*** Opening TASK INPUTS ***
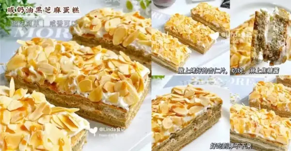 【咸奶油黑芝麻粉蛋糕】做法簡單,酥脆的杏仁片咸香的奶油軟綿的蛋糕,加了黑芝麻粉口感更豐富
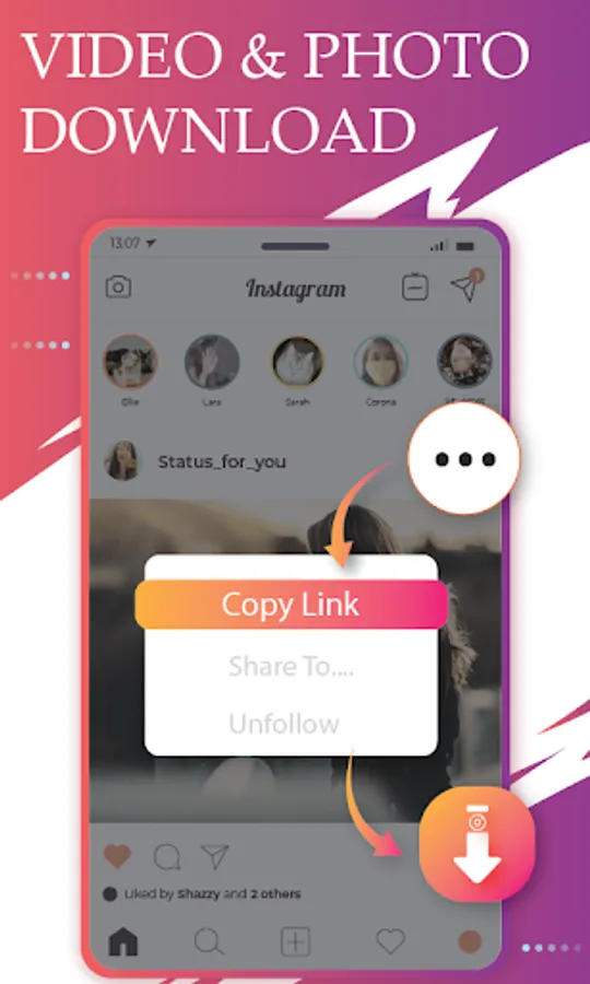 • Lets you download stories, videos, pictures and posts easily and quickly directly from Instagram
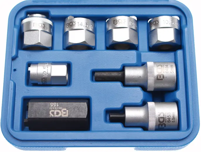 Sada nástrčných hlavic BGS106457 obsahuje 8 dílů určených pro montáž tlumičů, které umožňují efektivní práci s různými typy automobilových tlumičů. Vhodné pro profesionální i domácí použití díky kompatibilitě s běžnými ráčnami.
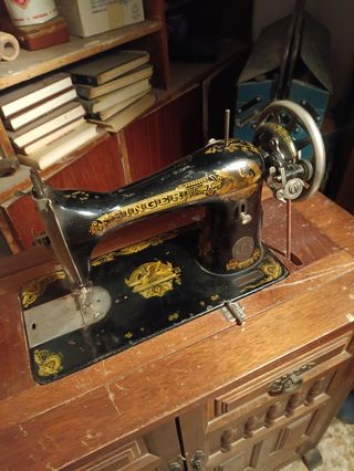 Máquina de coser antigua. Marca Sigma Está muy bien conservada. De color negro con dibujos en oro, como se ve en las fotos. Viene con su mueble (se nota el uso) para poderla guardar si no se utiliza. Dentro del mueble está la estructura metálica y el pedal, así como el compartimiento donde 'esconder' la máquina. Igual hay que cambiar correa. Las medidas son del mueble Ancho 60cm Profundidad 45,5cm Alto 78cm Por su peso y medidas se recoge en persona en el domicilio
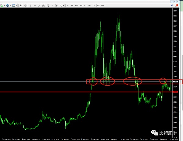 6月15日开始,大饼触底24800开启一波单边上涨的反弹。截止目前单边反弹延续了8个交易日。盘中遇鲍威尔听证会对于加息可能增加一到两次的刺激,币价直接冲破三万,市场情绪高涨,价格一度冲破3月12日突破大阳以来,连续13周的横盘震荡蓄势。如下图,端午节本周单周直接一阳吞并前期连续3个月的横盘价格区间。持续关注文章的朋友应该可以关注到,我们在大涨前期一直有提示27000之下任何价格随便做多。现货或者合约都有提示。27000之下我们从未建议过空头策略。价格如期甚至超预期的迎来了这波大阳的突破。
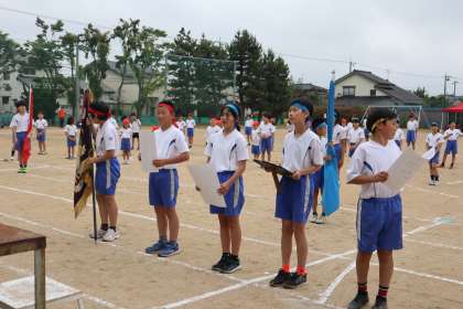 運動会 閉会式 公開日 2023/05/20 更新日 2023/05/20 学校行事 みんなでスローガンの達成を目指してがんばった運動会。草島っ子全員がよくがんばりました。PTAから記念品をいただき、子供たちはとても嬉しそうでした。後日、運動会の振り返りを行い、自分たちの成長を実感したり、次へのさらなる目当てをもって取り組めるようにしていきます。 来賓や保護者の皆様、子供たちへの温かいご声援や、準備、片付け等にご協力くださり、本当にありがとうございました。
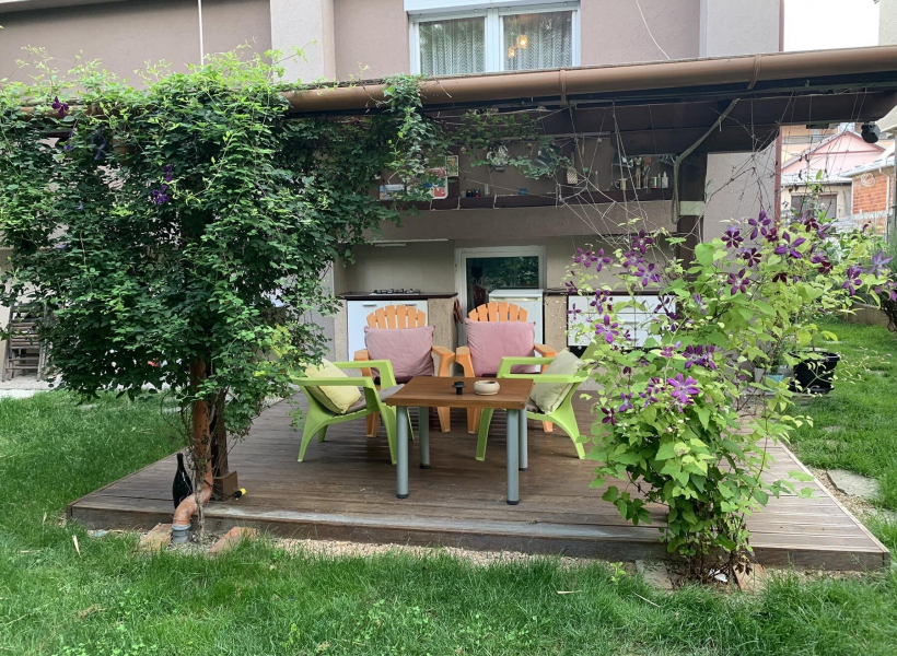 The apartment has two bedrooms, living room with a dining area, kitchen, two toilets, terrace and yard.
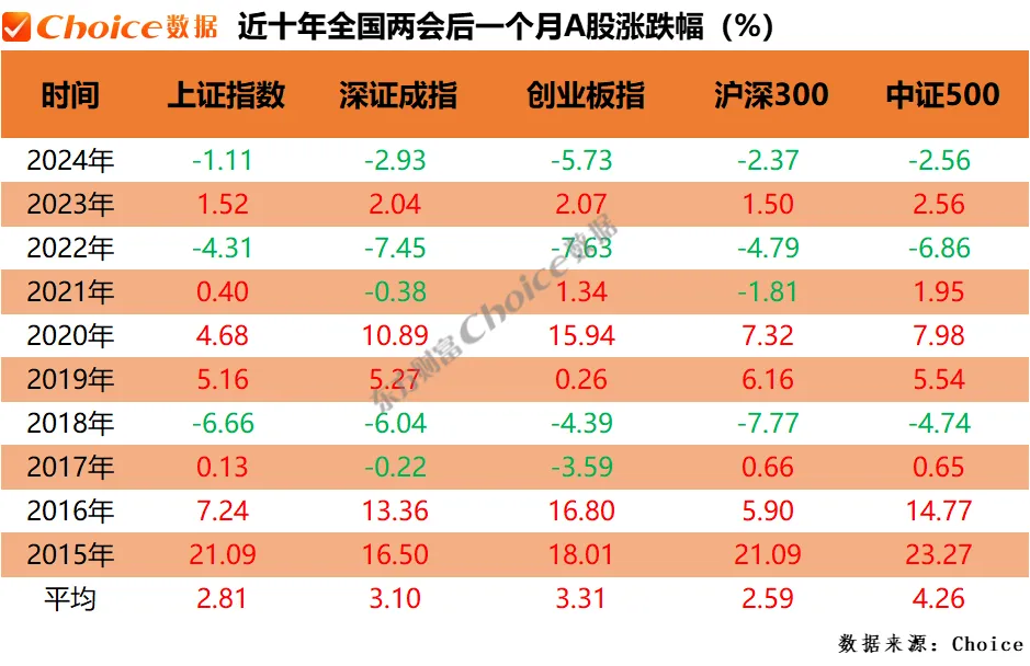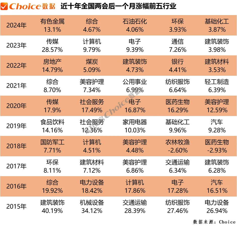 春节后,中国资产领涨环球,港股迎来技能性牛市,恒生指数、恒生科技指数均涨超10%。 随着两会的正式召开,市场走向怎样?复盘历史数据发现,近十年两会期间A股涨跌各半,但会后一个月涨势不俗。 两会期间A股表现 根据决定,十四届天下人大三次集会将于2025年3月5日在北京召开。政协第十四届天下委员会主席集会建议天下政协十四届三次集会于2025年3月4日在北京召开。 Choice统计,2015至2024的十年里,两会前一周A股重要指数涨跌各半。此中,上证指数6次实现上涨,4次下跌,上涨概率60%;创业板指、中证500上涨次数为5次,深证成指、沪深300上涨4次。 数据泉源:Choice;2020年天下两会召开时间是5月21日,不作投资保举 分行业来看,近十年31个申万一级行业中共9个行业在两会前一周匀称涨幅为正。医药生物以0.78%的匀称涨幅位居首位;紧随其后,综合行业匀称涨幅为0.62%;美容护理、轻工制造、电力装备、盘算机等行业上涨。国防军工、钢铁、煤炭、房地产、汽车等行业下跌。 数据泉源:Choice数据,不作投资保举 详细来看,2024年两会期间,电力装备以6.81%的涨幅居首;有色金属排名第二,涨幅为5.82%,排名第三至第五的是公用事业、石油石化和纺织服饰。近十年,医药生物、社会服务、美容护理等行业期间涨幅居前。 数据泉源:Choice,不作投资保举 两会后一月A股表现强势 相比集会期间,两会后一个月A股表现强势。此中,上证指数、中证500均7次实现上涨,3次下跌上涨概率70%;创业板指、沪深300上涨次数为6次,深证成指上涨5次。 从指数近十年匀称涨跌幅来看,两会后一月上证指数、深证成指、创业板指、沪深300、中证500均实现上涨,涨幅分别为2.81%、3.1%、3.31%、2.59%和4.26%。 数据泉源:Choice;2020年天下两会召开时间是5月21日,不作投资保举 分行业来看,近十年31个申万一级行业在两会后一月匀称涨幅全部为正。修建装饰以6.44%的匀称涨幅位居首位;紧随其后,社会服务匀称涨幅为6.41%;美容护理、医药生物、房地产、传媒、盘算机等行业涨幅凌驾4%。 数据泉源:Choice数据,不作投资保举 详细来看,2024年两会后一月,有色金属以13.1%的涨幅居首;综合行业排名第二,涨幅为4.67%,排名第三至第五的是石油石化、环保和根本化工。2023年涨幅前五的行业分别是传媒、盘算机、电子、通讯和修建装饰,涨幅分别为28.57%、9.79%、9.39%、7.26%和3.98%。 近十年,传媒、综合两大行业分别两次排名涨幅榜首位。 数据泉源:Choice,不作投资保举 积极看好两会行情 中金公司:历史上资源市场在两会前后大概表现相对积极,从历史数据来看,A股市场(上证综指)在两会前一个月和后一个月的匀称表现分别为2.8%和4.6%,港股(恒生国企指数)分别为1.6%和5.0%。2025年,政策预期将为市场提供信心,推动市场整体向上。 中国银河:当前全A指数市盈率估值处于历史中位程度,但相比海外市场来讲仍然处于偏低位置。天下两会的召开有望为A股市场投资结构提供进一步指引,A股市场迎来结构性估值重塑时机。配置方面,重点关注:(1)基于自主可控逻辑与发展新质生产力要求的科技创新主题。(2)扩大内需导向下的“两重”和“两新”主题。(3)继续看好安全边际较高的红利板块,重点关注央国企。 财通证券:此次两会期间,预计将迎来政策密集落地期,政策或将聚焦新质生产力、当代化产业体系构建、消耗及投资等领域,促进经济高质量发展。这些政策的出台将提振市场情绪,给予A股较好的支持。 华宝证券:2025年“春季躁动”行情中科技成长风格引领市场走强,但随着两会邻近,市场内部或迎来阶段性的风格切换。从“两会”行情的季候性特性看,从成长向稳固风格切换的概率较高,两会后“科技行情”仍有望再度上行,若科技板块阶段性调整,可适度积极,继续博弈3月份科技板块的“二次上行”时机,重点关注AI+方向。 免责声明 快速开通每天基金生意业务账户,当天开户当天可买基金! |
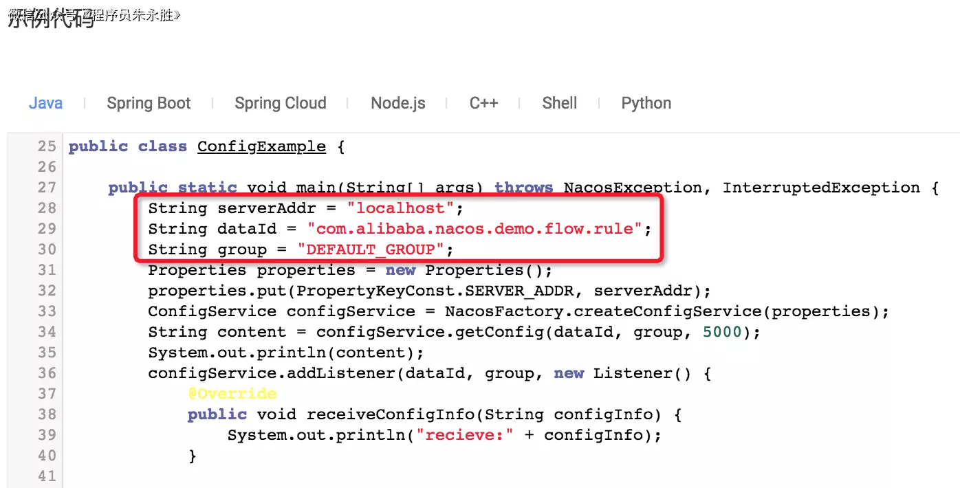 Nacos提供示例代码能力,能够让新手快速使用客户端编程消费该配置,大幅降低新手使用门槛。
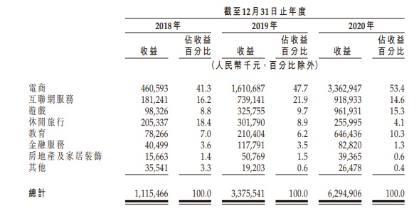 于往绩记录期间,电商公司是UJU HOLDING LIMITED最大的直接广告主客户群。截至2018年、2019年及2020年12月31日止年度,公司来自电商直接广告主的收益分别占公司总收益约41.3% 、48.0%及53.4%。
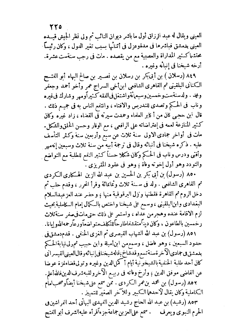 ولد فِي سنة ثَلَاث وَثَمَانمِائَة وَقَرَأَ الْمُحَرر، وَقدم حلب ثمَّ دخل الرّوم ثمَّ الْقَاهِرَة فقطنها وَنزل البرقوقية مِنْهَا وَحضر عِنْد الْعِزّ عبد السَّلَام الْبَغْدَادِيّ وَابْن البُلْقِينِيّ، وَسمع على شَيخنَا واختص بالكمال إِمَام الكاملية بِحَيْثُ لزم الْإِقَامَة عِنْده وهجر من عداهُ، وَاسْتمرّ على ذَلِك حَتَّى مَاتَ فِي صفر سنة ثَلَاث وَخمسين بالطاعون، وَكَانَ دينا متقشفا طارحا للتكلف متواضعا ورعا رَحمَه الله وإيانا. رَسُول بن عبد الله الشهَاب القيصري ثمَّ الْغَزِّي الْحَنَفِيّ. ثمَّ ولي نِيَابَة الحكم حُدُود السّبْعين، وَهُوَ فَاضل، وَسمع من ابْن أميلة وَابْن حبيب ثمَّ ولي نِيَابَة الحكم بِدِمَشْق فِي جُمَادَى الْآخِرَة سنة تسع وَقد شاخ قَالَه شَيخنَا فِي إنبائه وَقَالَ الْعَيْنِيّ القيسراني كَانَ أحد طلبة الْحَنَفِيَّة بالشيخونية أَيَّام أكمل الدّين وَغَيره وَتَوَلَّى قَضَاء غَزَّة عوضا عَن القَاضِي موفق الدّين وأرخ وَفَاته فِي ربيع الآخر ولقبه شرف الدّين فَالله أعلم.) ::: رَسُول بن مُحَمَّد بن عمر الْكرْدِي. مِمَّن سمع على شَيخنَا أَيْضا وَصَحب إِمَام الكاملية وَكَانَ يُقَال لأَحَدهمَا الْكَبِير وَللْآخر الصَّغِير للتمييز. رشيد بن عبد الله الْحَاج رشيد الدّين الفهدي البهائي أحد الفراشين فِي الْحرم النَّبَوِيّ وَيعرف. سمع على الْعِزّ بن جمَاعَة جُزْءا قَرَأَهُ عَلَيْهِ الشّرف أَبُو الْفَتْح
*** Closing TASK INPUTS ***
YOUR GOAL: A verbatim reproduction is expected: starting at the line above that has "運動会 閉会式 公開日", ending at the line that has "The apartment has", both included, and with no pictures and no other lines.

SOLVED PROBLEM:
 運動会 閉会式 公開日 2023/05/20 更新日 2023/05/20 学校行事 みんなでスローガンの達成を目指してがんばった運動会。草島っ子全員がよくがんばりました。PTAから記念品をいただき、子供たちはとても嬉しそうでした。後日、運動会の振り返りを行い、自分たちの成長を実感したり、次へのさらなる目当てをもって取り組めるようにしていきます。 来賓や保護者の皆様、子供たちへの温かいご声援や、準備、片付け等にご協力くださり、本当にありがとうございました。
 The apartment has two bedrooms, living room with a dining area, kitchen, two toilets, terrace and yard.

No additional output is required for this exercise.